In deze overweging legt de Hoge Raad het criterium aan dat nog altijd wordt gehanteerd bij het geven van een antwoord op de vraag of een bepaalde onrechtmatige gedraging geldt als een onrechtmatige daad van een rechtspersoon. Dit is volgens de Hoge Raad het geval indien in het maatschappelijk verkeer de gedraging wordt beschouwd als een gedraging van de rechtspersoon. Dit criterium wordt ook wel aangeduid als het ‘Babbel-criterium’.

Toepassing van het Babbel-criterium

Het Babbel-criterium is door de Hoge Raad sinds het Kleuterschool Babbel-arrest veelvuldig en in verschillende situaties toegepast. Hoewel het arrest Kleuterschool Babbel gaat over de aansprakelijkheid van een publiekrechtelijke rechtspersoon – namelijk een gemeente – wordt het Babbel-criterium ook toegepast voor aansprakelijkheid van privaatrechtelijke rechtspersonen.[2] Door de Hoge Raad is in latere rechtspraak verduidelijkt dat een gedraging die in het maatschappelijk verkeer heeft te gelden als gedraging van een rechtspersoon, tegelijkertijd ook kan worden toegerekend aan de natuurlijke persoon die deze gedraging feitelijk verrichtte.[3] Aansprakelijkheid van de rechtspersoon door toepassing van het Babbel-criterium, betekent dus niet dat de handelende persoon zelf niet aansprakelijk is.
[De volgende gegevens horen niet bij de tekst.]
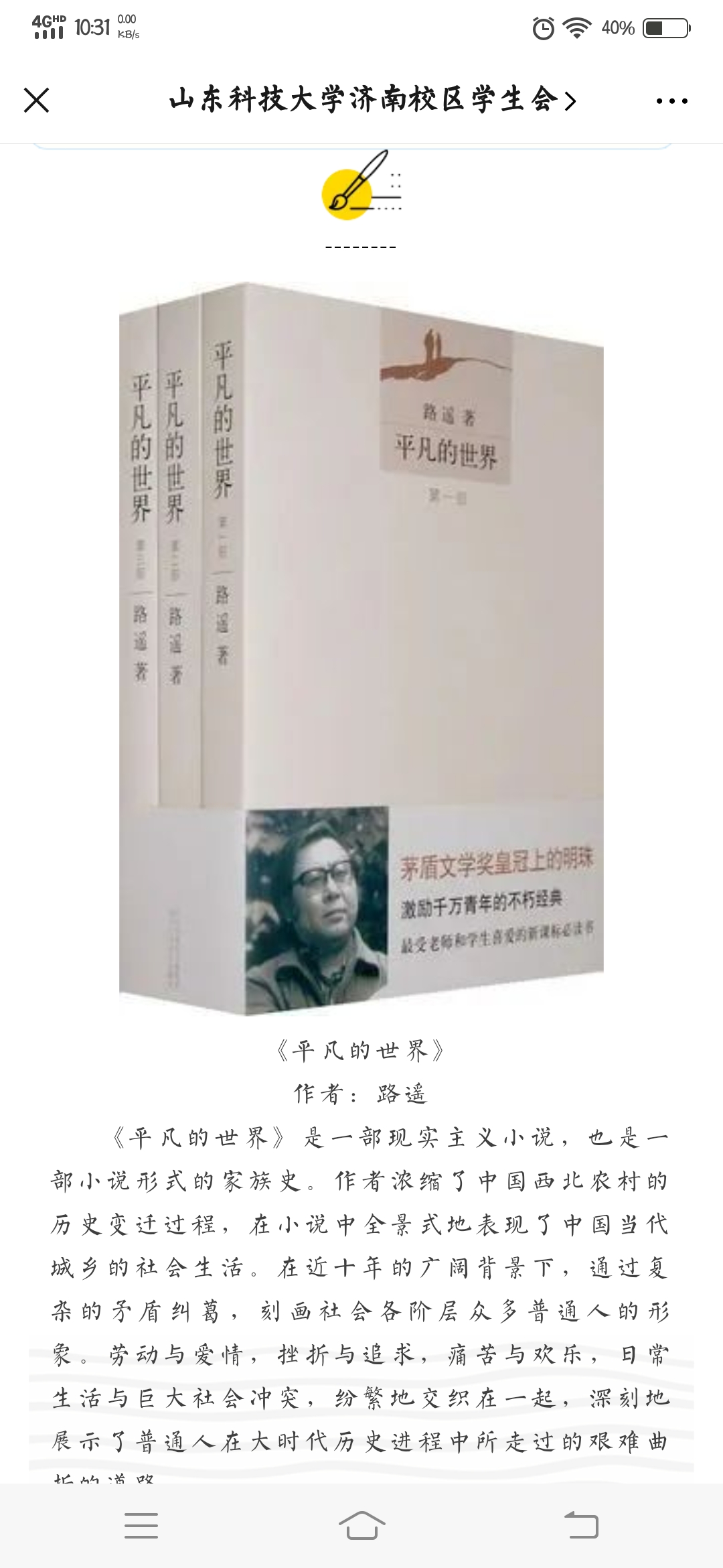 “眾志成城,共克時艱”,新冠肺炎疫情牽動著全國人民的心。而在全國上下共同抗擊新冠肺炎的戰(zhàn)“疫”中,如何做到停課不停學,使同學們在這個特殊的假期中“宅”而 “不荒”、“宅”而“有得”?濟南校區(qū)學生會為此開展了品讀經(jīng)典讀書活動,引導廣大同學好讀書、讀好書,形成讀書熱潮,從“讀他人”到“思己生”,從“感受文化”到“體味情感”,豐富線上與線下學習活動。
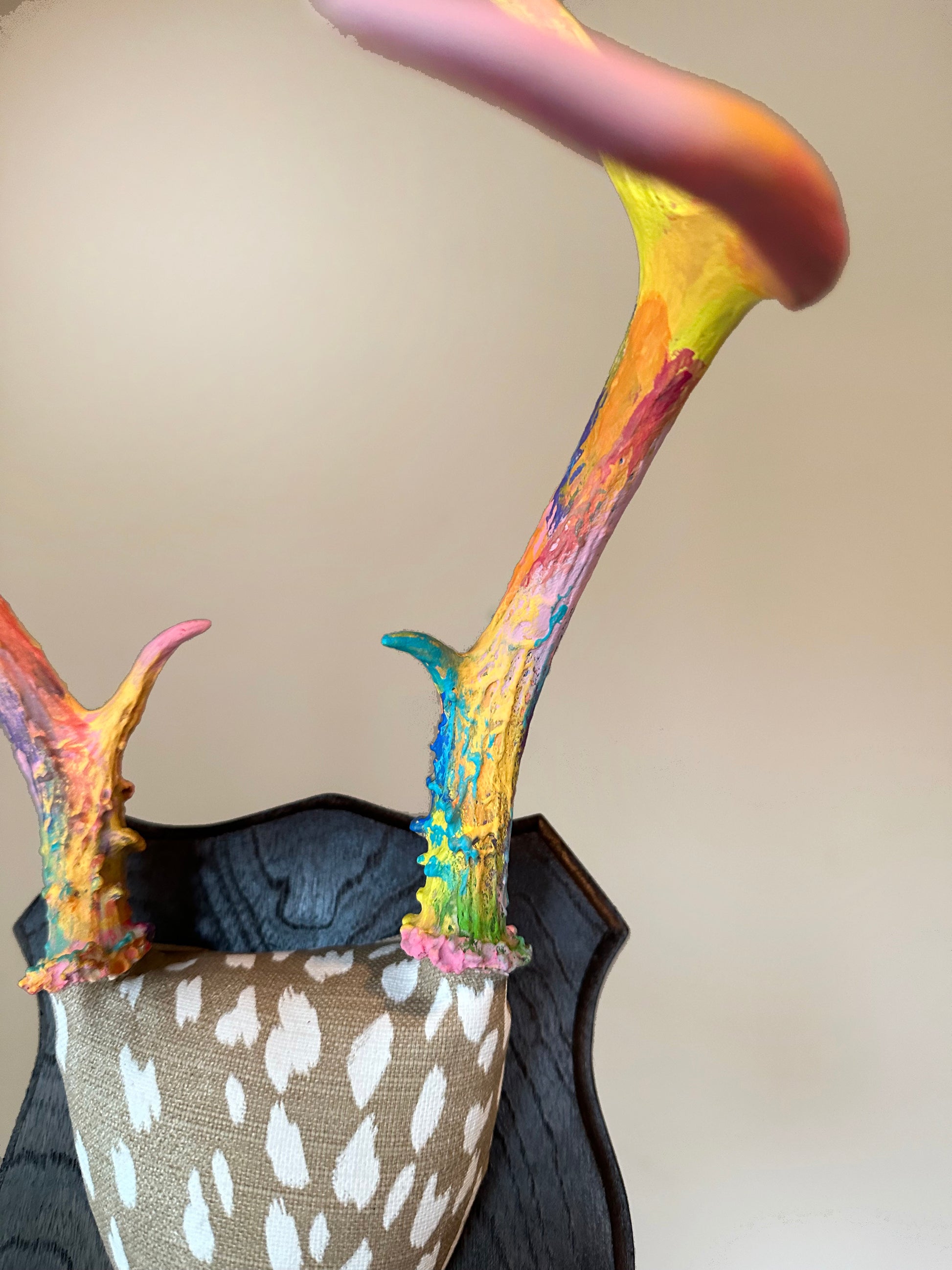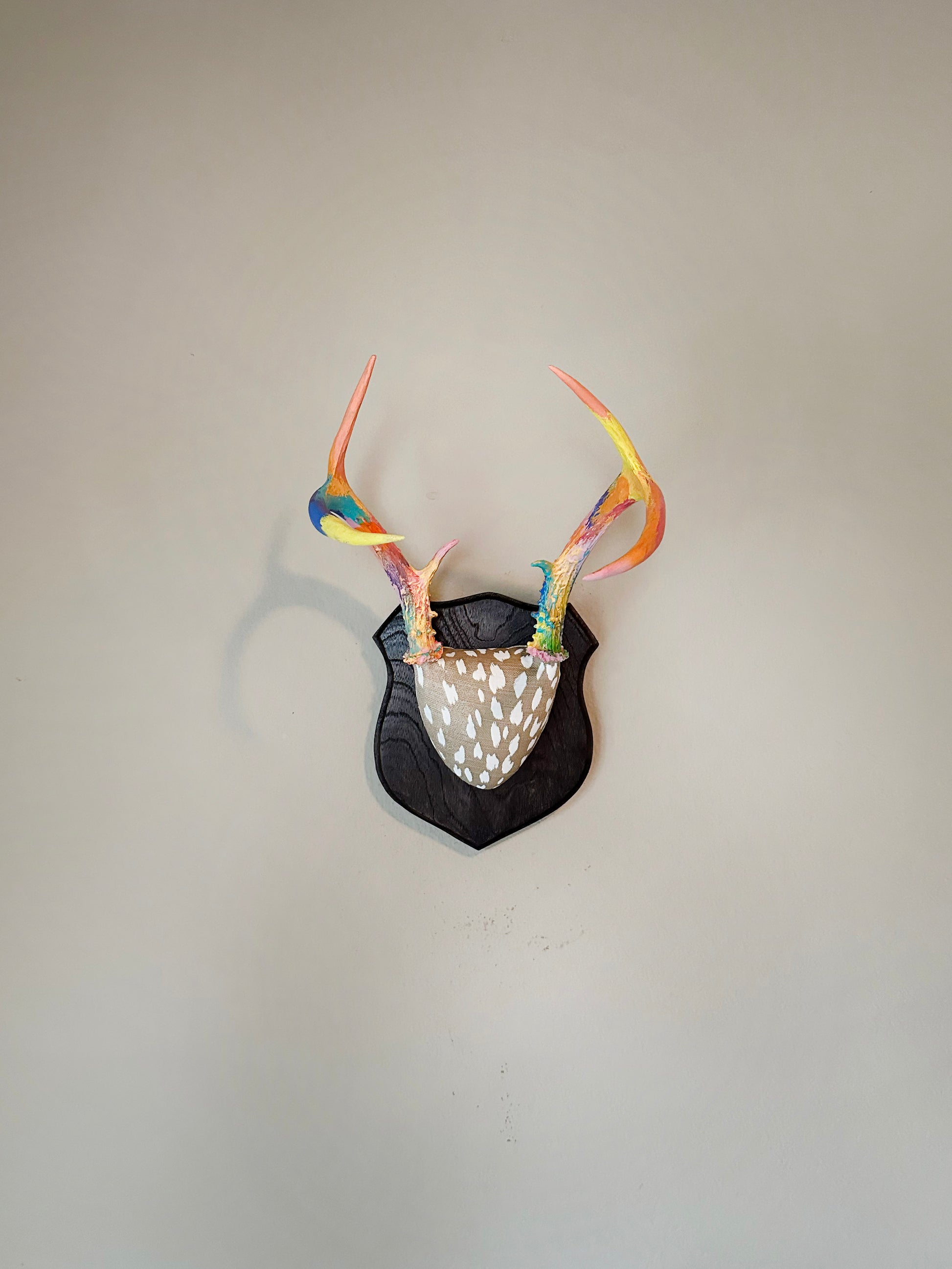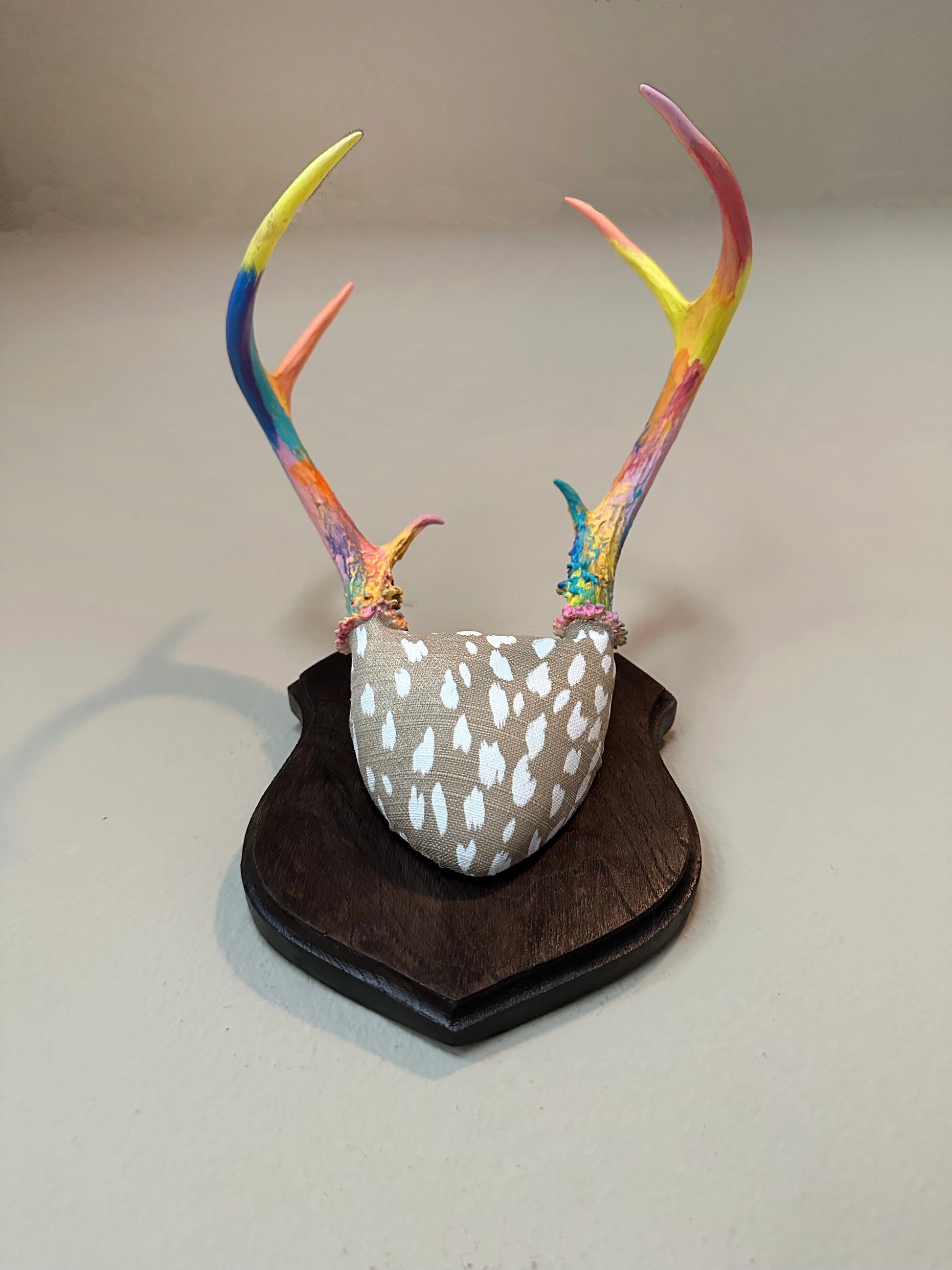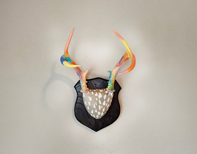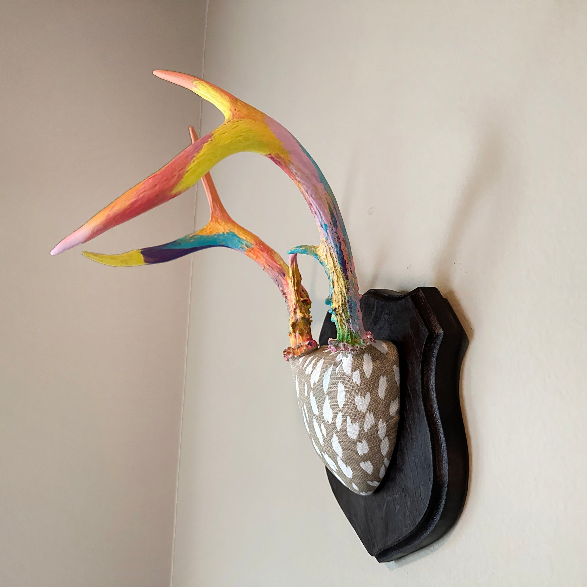 Let this small set steal the show in your favorite room. These are a rare find and I had so much fun painting and mounting them. They are colorful and bright like a rainbow and mounted on a solid wood stained and painted plaque. This small set is bright and cheery with all the flair of a large rack but small enough to fit anywhere.
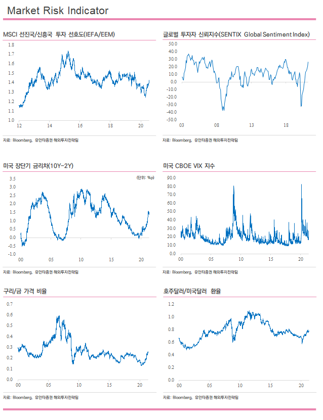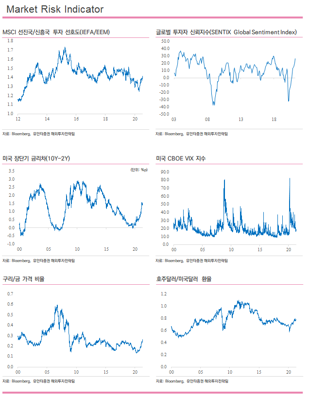 금일 테마 ETF에서 주거건축(XHB) ETF는 3.0% 올라 큰 상승 폭을 시현하였으며, 미국 질병통제예방센터(CDC)의 로셸 월렌스키 국장은 코로나 백신을 접종한 사람은 실내외에서 마스크를 쓰지 않아도 된다고 권고하며 레져/엔터테인먼트(PEJ) 테마는 1.4% 상승. 반면 일론 머스크가 비트코인으로 테슬라 결제 대금 중단을 발표하며 테슬라(TSLA)는 3.1% 하락하였으며, 이 영향으로 기술혁신(ARKK) 테마 ETF는 2.6% 하락 마감.
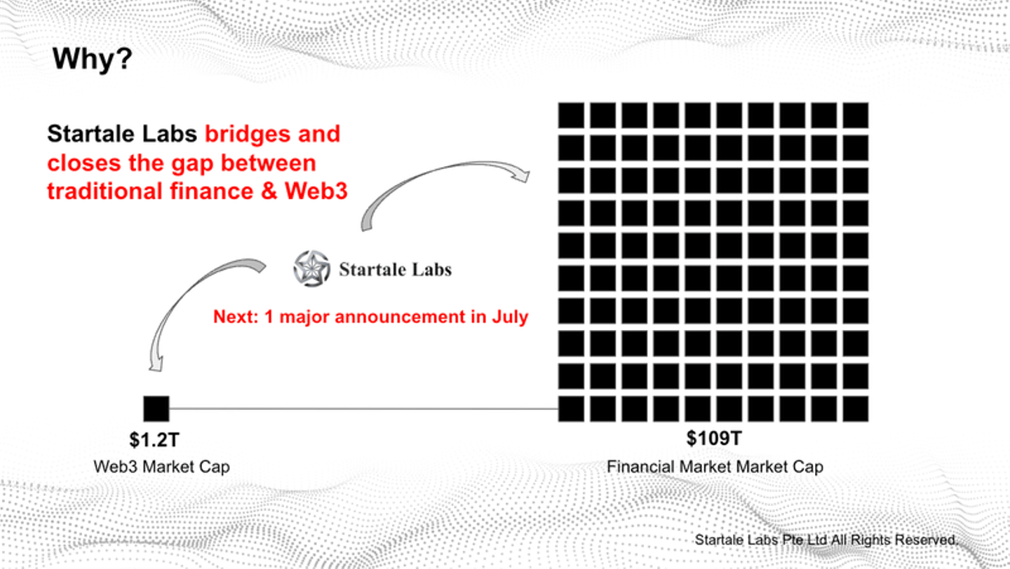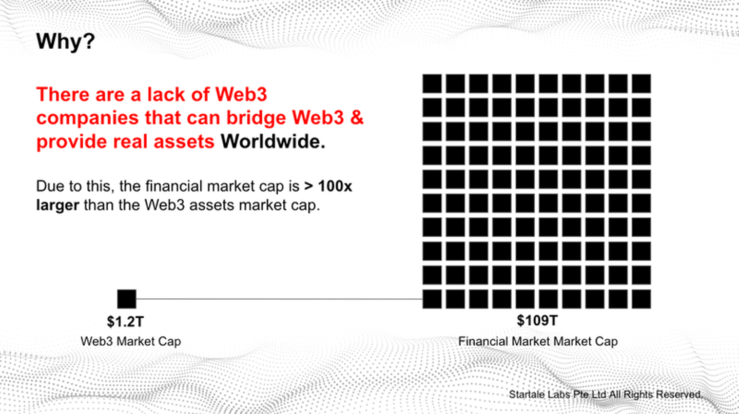 Web3のマーケットキャップは100兆円くらいなのですが、既存金融のマーケットキャップは10京円とかです。約100倍くらいサイズが違います。既存金融のアセットをオンチェーンにもってくることができればよりマスアダプションに近づくことは間違いありません。これは実際に行うにはラインセンスとか規制の問題にあたるのでとても難しいですし時間がかかると思います。

De Hoge Raad heeft daarnaast geoordeeld dat ook de toerekening van kennis aan een rechtspersoon moet worden beoordeeld aan de hand van het Babbel-criterium.[4] Met de toerekening van kennis aan een rechtspersoon wordt bedoeld dat kennis van een individu ook geldt als kennis van een rechtspersoon. Dit is relevant, omdat veel regels in het burgerlijk recht gevolgen verbinden aan de aanwezigheid van kennis bij een partij.

Relevantie

De toerekening van gedragingen van natuurlijke personen aan de rechtspersoon biedt bescherming aan partijen die met publiekrechtelijke of privaatrechtelijke rechtspersonen te maken hebben, via de natuurlijke personen die bij deze rechtspersonen zijn betrokken. Omdat deze situatie zich in het dagelijks leven regelmatig voordoet, is het Babbel-criterium voor de rechtspraktijk nog altijd relevant.

 

De auteur van dit artikel is niet langer werkzaam bij BarentsKrans, voor meer informatie over dit onderwerp kunt u terecht bij Philip Fruytier.

 

[1]  HR 10 juni 1955, NJ 1955, 533.

[2] Zie bijvoorbeeld HR 3 november 1982, ECLI:NL:HR:1982:AC6941; HR 27 november 2009, ECLI:NL:HR:2009:BH2162; HR 23 november 2012, ECLI:NL:HR:2012:BX5881 (Spaanse Villa) en HR 5 september 2014, ECLI:NL:HR:2014:2628 (Tulip Air).

[3] HR 23 november 2012, ECLI:NL:HR:2012:BX5881 (Spaanse Villa) en HR 5 september 2014, ECLI:NL:HR:2014:2628 (Tulip Air).

[4] HR 11 mei 1990 ECLI:NL:HR:1990:AC2014 (Los Gauchos); HR 11 maart 2005, ECLI:NL:HR:2005:AR7344 en HR 11 november 2005, ECLI:NL:HR:2005:AT6018.